CONVERSION FROM POLITICS TO SPIRITUALITY
His conversion from political action to spirituality occurred
gradually, first at Vadodara (then Baroda) under the spiritual instruction of a Maharashtrian Yogi called Vishnu
Bhaskar Lele, and second, while awaiting trial as a prisoner in Alipore Central Jail (in Kolkata in the province of
Bengal). Here his study and practice of the teachings of
the Bhagavad Gita led to a number of mystical experiences.
Sri Aurobindo claimed to have been visited in his meditations by the renowned Swami Vivekananda, a Hindu philosopher of great importance to Advaita Vedanta, who guided
Sri Aurobindo in an important aspect of his spiritual practice or yoga. Sri Aurobindo later said that while imprisoned
he saw the convicts, jailers, policemen, the prison bars,
the trees, the judge, the lawyers as different forms of Vishnu
in the spiritual experience of Vasudeva.
The subsequent trial involving Aurobindo was one of the
defining moments in the Indian nationalist movement. There
were 49 accused and 206 witnesses, 400 documents were
filed and 5000 exhibits produced—including bombs, handguns and acid. The English judge, C.P. Beachcroft, turned
out to have been a student with Sri Aurobindo at Cambridge.

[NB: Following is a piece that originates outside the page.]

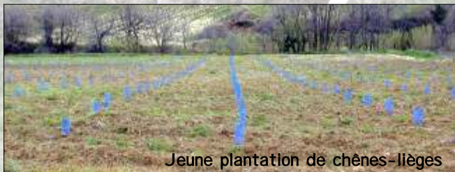
Jeune plantation de chênes-lièges
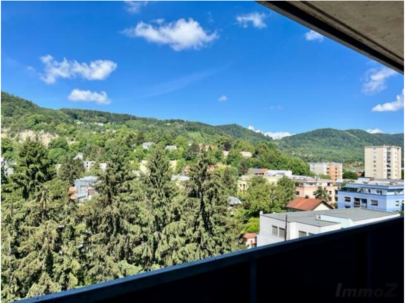
Aussicht im Sommer

ab 1.4.2025: Terrassenwohnung - 2-Zimmer im 6.OG.

The Chief Prosecutor Eardley Norton displayed a loaded
revolver on his briefcase during the trial. The case for Sri
Aurobindo was taken up by Chittaranjan Das who said in
his conclusion to the Judge:
My appeal to you is this, that long after the controversy will
be hushed in silence, long after this turmoil, this agitation
will have ceased, long after he (Sri Aurobindo) is dead and
gone, he will be looked upon as the poet of patriotism, as
the prophet of nationalism and lover of humanity. Long after
he is dead and gone, his words will be echoed and re-echoed, not only in India, but across distant seas and lands.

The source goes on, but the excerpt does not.